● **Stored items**
★ ★ ★ ★ ★ ★ ★
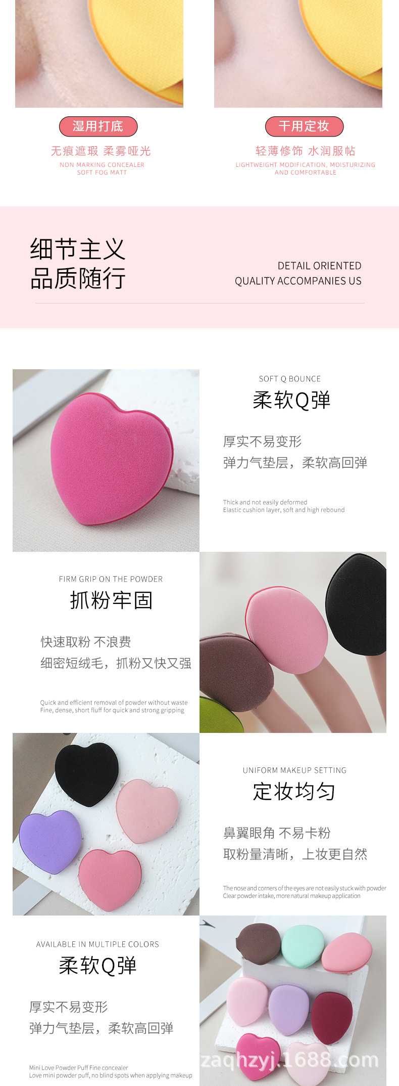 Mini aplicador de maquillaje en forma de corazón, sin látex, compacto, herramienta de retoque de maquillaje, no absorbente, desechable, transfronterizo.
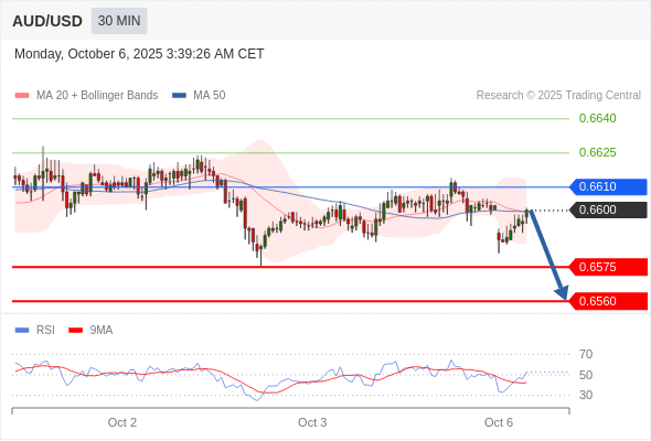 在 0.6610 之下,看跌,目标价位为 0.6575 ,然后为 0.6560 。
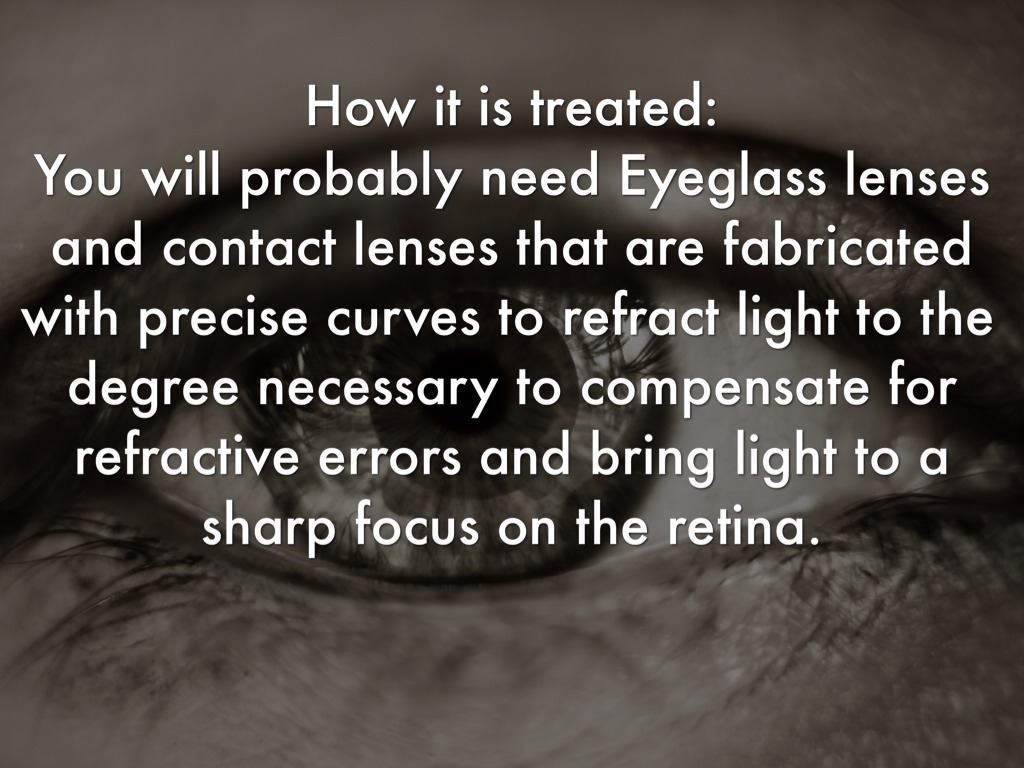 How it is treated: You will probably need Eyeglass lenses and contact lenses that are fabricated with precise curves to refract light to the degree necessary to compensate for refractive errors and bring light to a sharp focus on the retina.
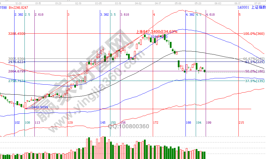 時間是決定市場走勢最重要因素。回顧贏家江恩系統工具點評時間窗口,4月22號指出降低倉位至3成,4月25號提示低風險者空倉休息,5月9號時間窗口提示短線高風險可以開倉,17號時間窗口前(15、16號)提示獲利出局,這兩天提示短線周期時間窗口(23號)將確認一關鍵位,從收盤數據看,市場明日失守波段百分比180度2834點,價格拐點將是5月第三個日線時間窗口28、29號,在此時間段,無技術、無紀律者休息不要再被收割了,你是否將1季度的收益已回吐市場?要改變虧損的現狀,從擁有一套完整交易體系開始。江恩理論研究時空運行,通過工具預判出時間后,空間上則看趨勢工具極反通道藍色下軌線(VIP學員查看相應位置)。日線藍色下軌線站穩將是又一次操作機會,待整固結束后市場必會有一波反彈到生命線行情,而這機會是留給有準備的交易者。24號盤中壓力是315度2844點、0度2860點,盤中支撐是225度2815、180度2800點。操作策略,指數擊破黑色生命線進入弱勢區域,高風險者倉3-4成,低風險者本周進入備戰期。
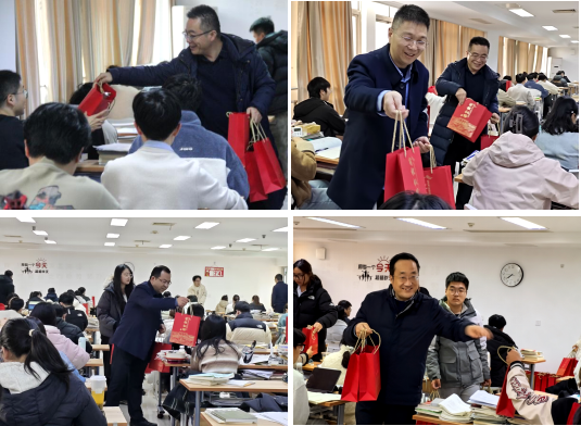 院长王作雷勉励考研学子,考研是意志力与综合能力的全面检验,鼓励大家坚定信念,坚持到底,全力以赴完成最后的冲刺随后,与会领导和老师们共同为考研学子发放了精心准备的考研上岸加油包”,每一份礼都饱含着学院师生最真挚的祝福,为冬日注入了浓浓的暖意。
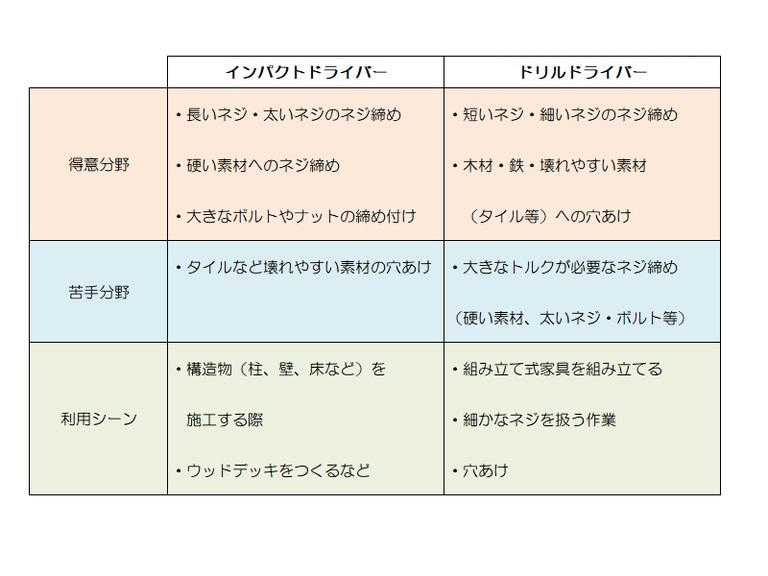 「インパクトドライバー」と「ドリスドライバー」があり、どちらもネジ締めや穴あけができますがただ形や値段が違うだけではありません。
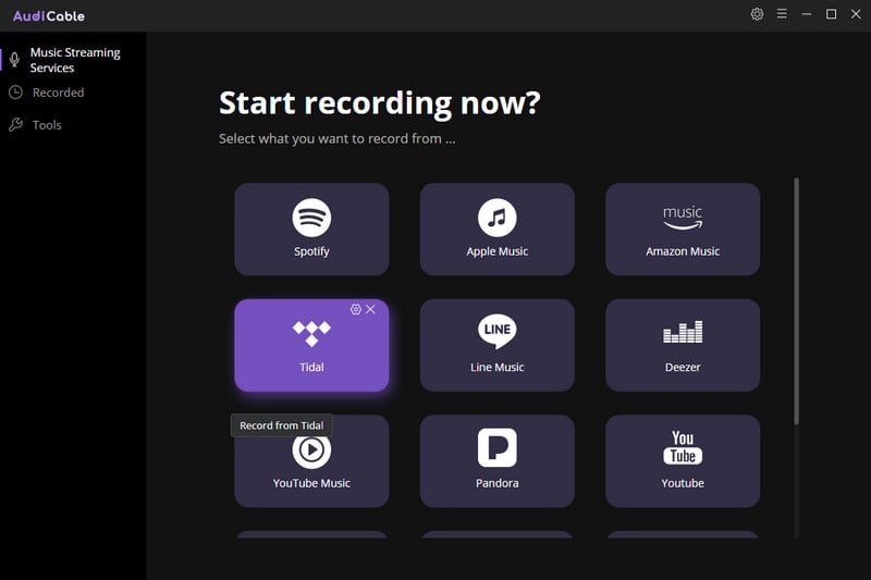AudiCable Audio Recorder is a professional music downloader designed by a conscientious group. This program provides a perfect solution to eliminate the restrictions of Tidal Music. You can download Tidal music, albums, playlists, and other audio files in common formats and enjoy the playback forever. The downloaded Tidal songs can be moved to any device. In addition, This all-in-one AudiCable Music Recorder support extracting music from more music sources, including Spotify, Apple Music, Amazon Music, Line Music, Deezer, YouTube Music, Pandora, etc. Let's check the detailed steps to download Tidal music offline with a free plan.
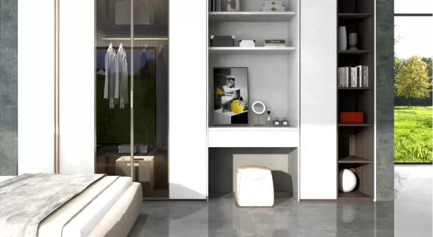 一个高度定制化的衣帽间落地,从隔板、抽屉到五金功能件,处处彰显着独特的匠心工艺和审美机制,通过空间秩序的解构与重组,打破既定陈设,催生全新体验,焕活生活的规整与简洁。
★ ★ ★ ★ ★ ★ ★
Write every entry out again exactly, dropping the pictures.

 Mini aplicador de maquillaje en forma de corazón, sin látex, compacto, herramienta de retoque de maquillaje, no absorbente, desechable, transfronterizo.
 在 0.6610 之下,看跌,目标价位为 0.6575 ,然后为 0.6560 。
 How it is treated: You will probably need Eyeglass lenses and contact lenses that are fabricated with precise curves to refract light to the degree necessary to compensate for refractive errors and bring light to a sharp focus on the retina.
 時間是決定市場走勢最重要因素。回顧贏家江恩系統工具點評時間窗口,4月22號指出降低倉位至3成,4月25號提示低風險者空倉休息,5月9號時間窗口提示短線高風險可以開倉,17號時間窗口前(15、16號)提示獲利出局,這兩天提示短線周期時間窗口(23號)將確認一關鍵位,從收盤數據看,市場明日失守波段百分比180度2834點,價格拐點將是5月第三個日線時間窗口28、29號,在此時間段,無技術、無紀律者休息不要再被收割了,你是否將1季度的收益已回吐市場?要改變虧損的現狀,從擁有一套完整交易體系開始。江恩理論研究時空運行,通過工具預判出時間后,空間上則看趨勢工具極反通道藍色下軌線(VIP學員查看相應位置)。日線藍色下軌線站穩將是又一次操作機會,待整固結束后市場必會有一波反彈到生命線行情,而這機會是留給有準備的交易者。24號盤中壓力是315度2844點、0度2860點,盤中支撐是225度2815、180度2800點。操作策略,指數擊破黑色生命線進入弱勢區域,高風險者倉3-4成,低風險者本周進入備戰期。
 院长王作雷勉励考研学子,考研是意志力与综合能力的全面检验,鼓励大家坚定信念,坚持到底,全力以赴完成最后的冲刺随后,与会领导和老师们共同为考研学子发放了精心准备的考研上岸加油包”,每一份礼都饱含着学院师生最真挚的祝福,为冬日注入了浓浓的暖意。
 「インパクトドライバー」と「ドリスドライバー」があり、どちらもネジ締めや穴あけができますがただ形や値段が違うだけではありません。
AudiCable Audio Recorder is a professional music downloader designed by a conscientious group. This program provides a perfect solution to eliminate the restrictions of Tidal Music. You can download Tidal music, albums, playlists, and other audio files in common formats and enjoy the playback forever. The downloaded Tidal songs can be moved to any device. In addition, This all-in-one AudiCable Music Recorder support extracting music from more music sources, including Spotify, Apple Music, Amazon Music, Line Music, Deezer, YouTube Music, Pandora, etc. Let's check the detailed steps to download Tidal music offline with a free plan.
 一个高度定制化的衣帽间落地,从隔板、抽屉到五金功能件,处处彰显着独特的匠心工艺和审美机制,通过空间秩序的解构与重组,打破既定陈设,催生全新体验,焕活生活的规整与简洁。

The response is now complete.